#### SUPPLIED MATERIAL ####

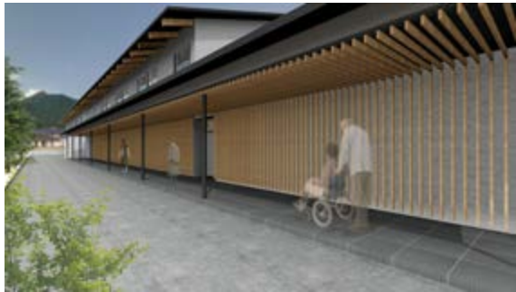
玄関へのアプローチ

外観は日本家屋をモチーフとしています。 住宅街にとけ込み、親しみを感じていただける デザインとしています。 建物から伸びる庇(ひさし)が来場者を 玄関へ優しく迎えます。 ご家族やご友人とどうぞお気軽に お越しください。
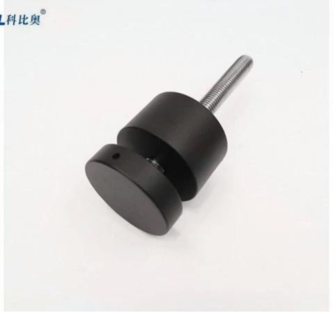
الفولاذ المقاوم للصدأ حزمة إنتاج الزجاج في
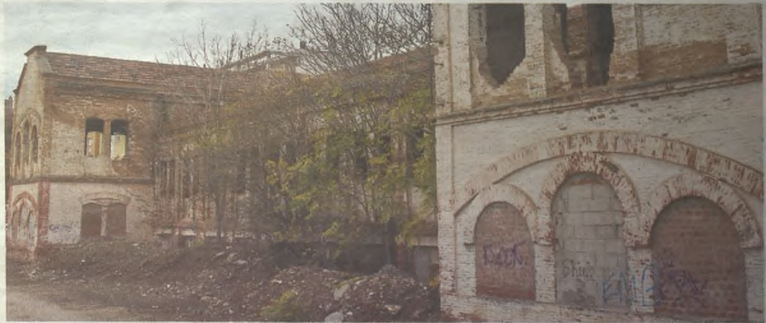
En este estado se encontraba el Cuartel del Henares antes de los trabajos de rehabilitación.
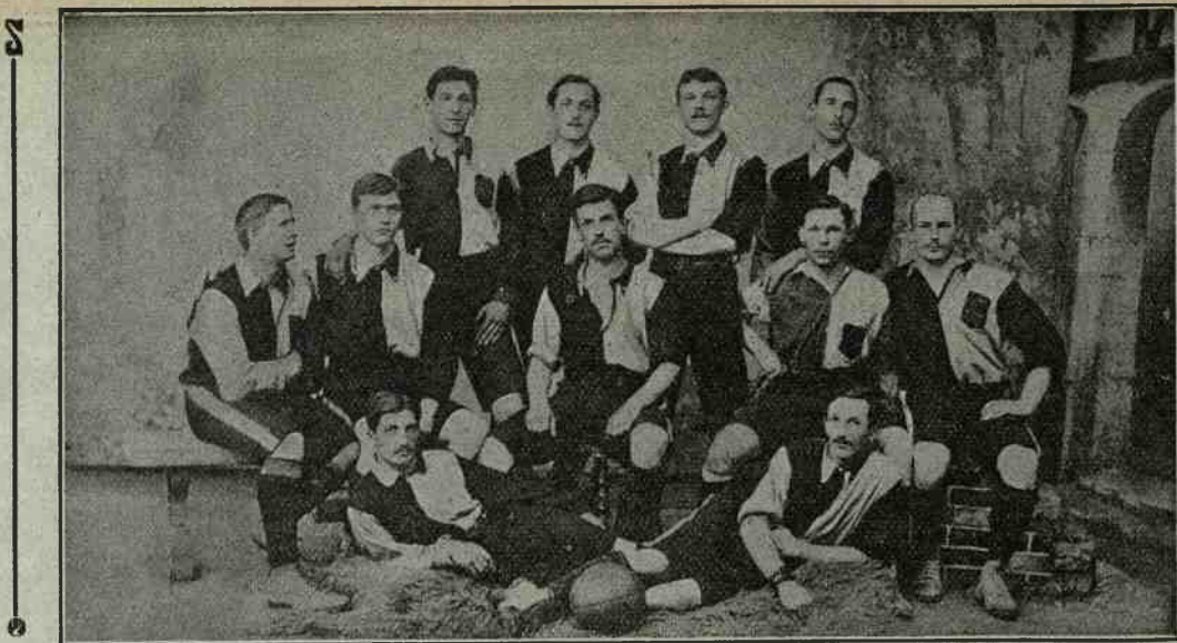
La fortissima prima squadra del Fuss-ball Club Wintertur, che difenderà i colori svizzeri al nostro 2° Torneo Internazionale.

Quest'anno nella squadra delle giovani casacche celesti giocò sempre in porta. Dei suoi momenti più belli ricorda con compiacenza d'esser stato portato in trionfo a Genova, dopo due epici matches vittorio-
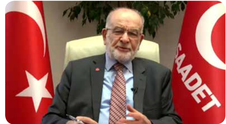
Temel Karamollaoğlu, Leader of Saadet Party.

Karamollaoğlu sunumu boyunca anlaşmazlıkların barışçıl bir biçimde ve diyalogla çözülmesinin önemini altını çizdi. Türkiye şu anda pek çok sorunla karşı karşıyadır, bunlardan biri de iktidar partisinin uzun süredir devam eden yönetimidir. Karamollaoğlu, Türkiye'nin, insanların özgürce konuşabileceği bir barış ve diyalog ortamına ihtiyaç duyduğunu, bunu da iktidar partisinin sağlamasının gerektiğini ifade etti. Kendisi aynı zamanda adaletin mülkün ve devletin temeli olması gerektiğini, çünkü adaletsizliğin polis devleti ile sonuçlanabileceğini
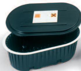
Wanna do usuwania pyłu, z pokrywą
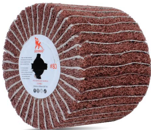
B100080 Size 4" Grit 80
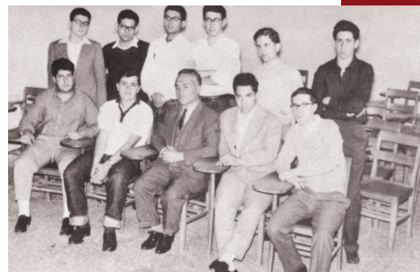
Όμιλος Κλασικής Μουσικής (1960)
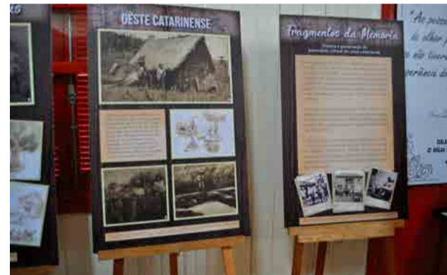
Imagens contam a história da economia, cultura e religião e detalhes do desenvolvimento
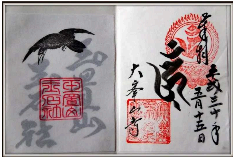
左:熊野本宮大社、右:玉置神社
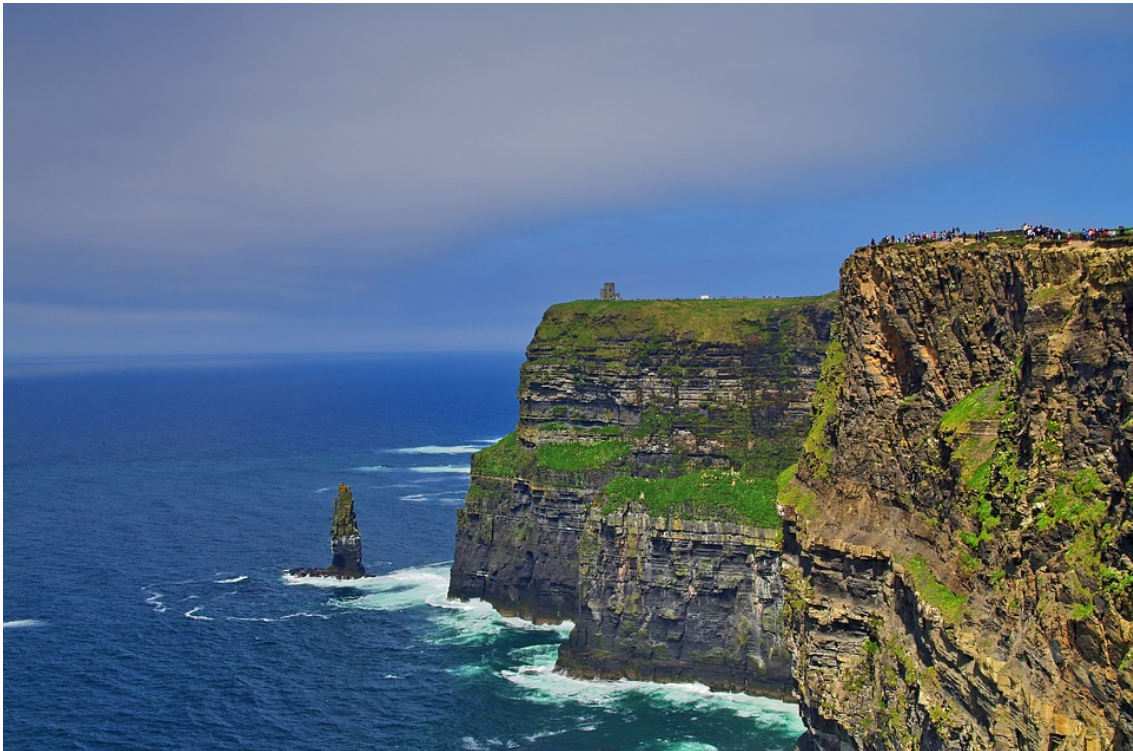
(Titelbild: Cliffs of Moher)
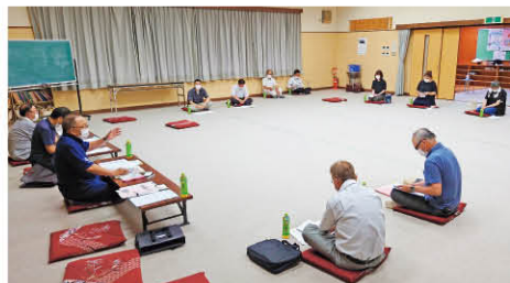
青木福祉連絡会の様子(7/3)

今年度もコロナ禍で活動が困難な中、“今できること”を工夫して市内の147自治会から申請がありました。地域の安心や元気につながる“福祉でまちづくり”にご活用ください!
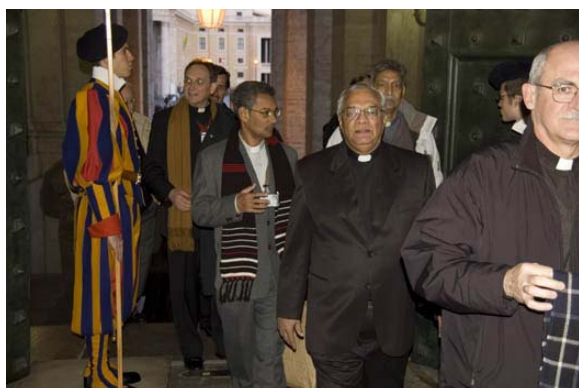
Visita a la Capilla Sixtina, 9 de febrero.
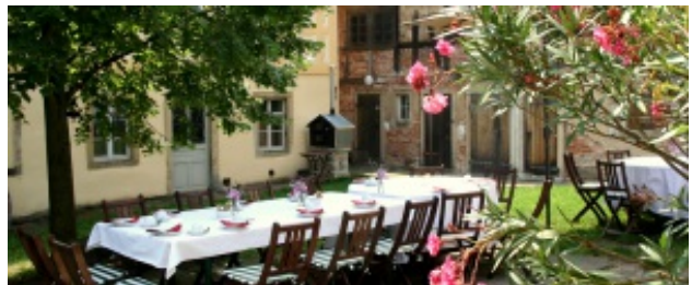
Weingut Haus Steinbach
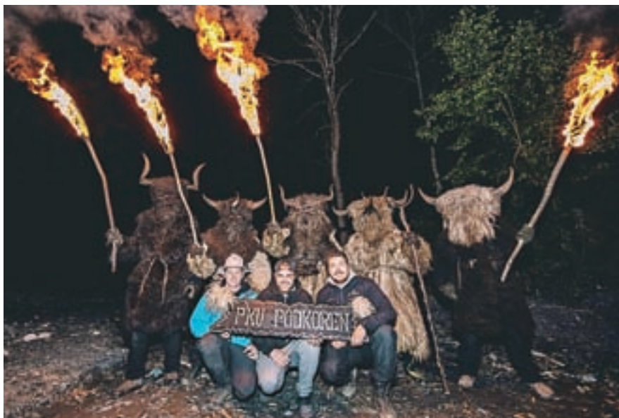
Ognjeni spektakel/Srečanje parkeljnov treh dežel

tarja, kot jo hranijo v Liznjekovi hiši v Kranjski Gori, je bila zelo težka, podprta z leseno desko, pritrjeno na njegov hrbet, pa še dva sta Trentarja pod roko
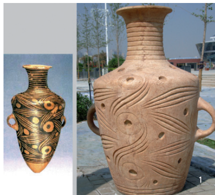
旋涡纹彩陶尖底瓶（新石器时代——马家窑文化，泥质红陶彩陶珍品。）甘肃省博物馆藏 甘肃陇西出土
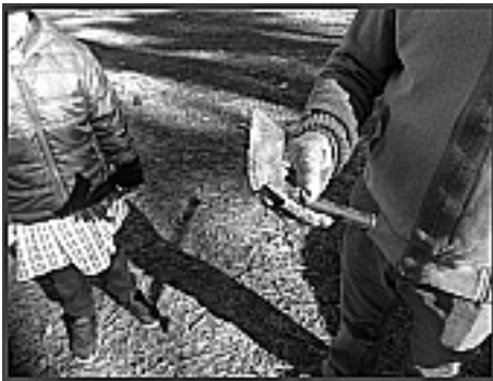
Fotografia 10 – Resineiro e raspadeira
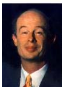
Hans-Joachim Schellnhuber Klimafolgenforscher
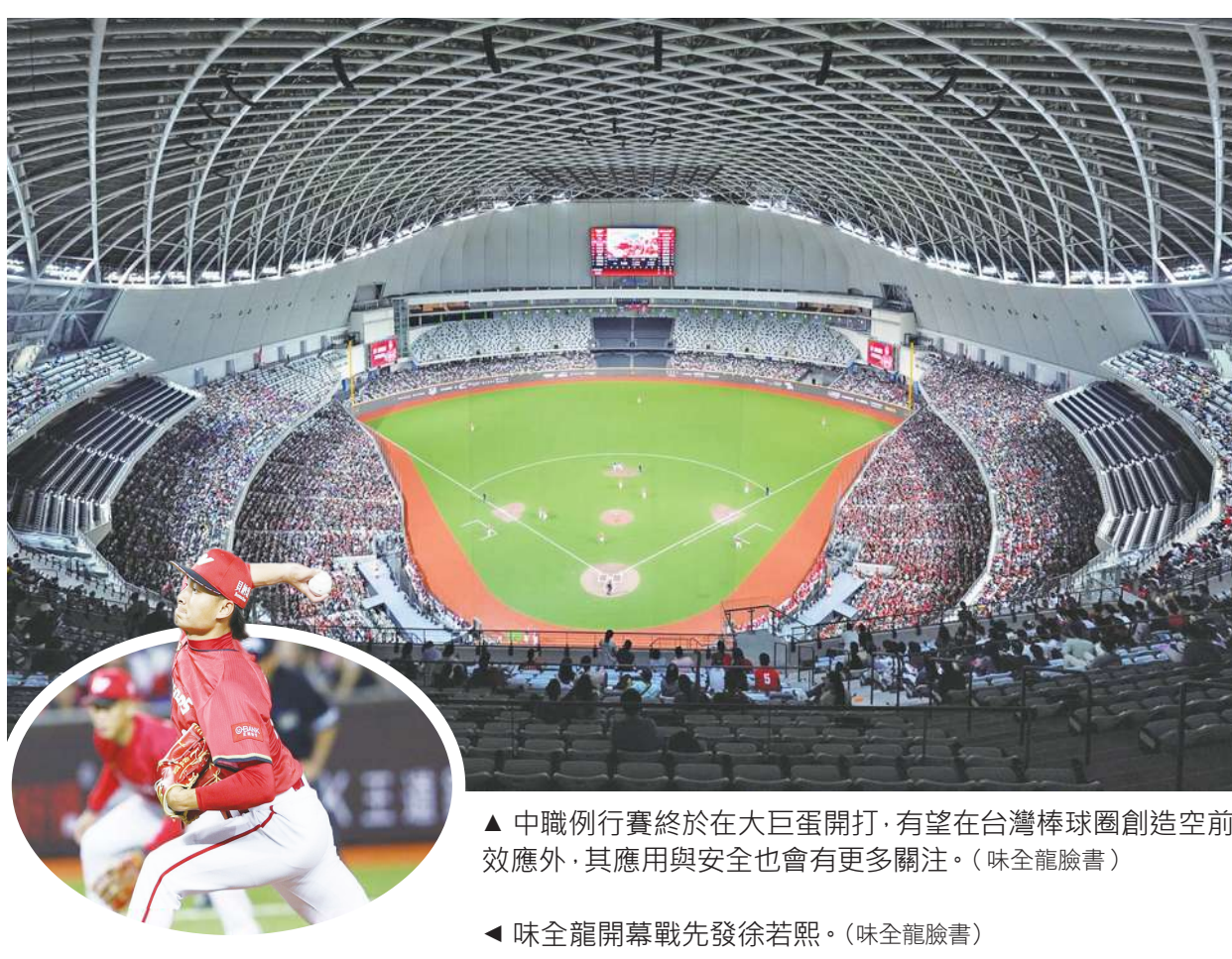
▲ 中職例行賽終於在大巨蛋開打，有望在台灣棒球圈創造空前效應外，其應用與安全也會有更多關注。

不過，目前大巨蛋用途較有限，主要以棒球賽事為主，目前雖有 T1 職籃聯盟將舉行例行賽，但籃球場在巨蛋中的安排仍有不少討論；此外，大巨蛋在開幕前也曾傳出警報誤響、屋頂漏水的狀況，加上興建的過程一波三折，外界勢必會拿著放大鏡檢視大巨蛋，是否能讓大量球迷都安全觀賽與退場。
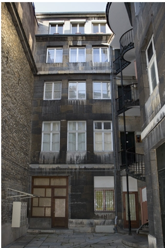
Vue d'ensemble de la façade antérieure du logis secondaire.

25, Besançon, 64 rue des Granges, lieudit : îlot Forum

####

The material above holds pictures; leave them out. Repeat exactly the lines from the one containing "الفولاذ المقاوم للصدأ حزمة إنتاج الزجاج في" through the one containing "Temel Karamollaoğlu, Leader of Saadet Party.", and nothing else.

• **OUTPUT**
الفولاذ المقاوم للصدأ حزمة إنتاج الزجاج في
En este estado se encontraba el Cuartel del Henares antes de los trabajos de rehabilitación.
La fortissima prima squadra del Fuss-ball Club Wintertur, che difenderà i colori svizzeri al nostro 2° Torneo Internazionale.

Quest'anno nella squadra delle giovani casacche celesti giocò sempre in porta. Dei suoi momenti più belli ricorda con compiacenza d'esser stato portato in trionfo a Genova, dopo due epici matches vittorio-
Temel Karamollaoğlu, Leader of Saadet Party.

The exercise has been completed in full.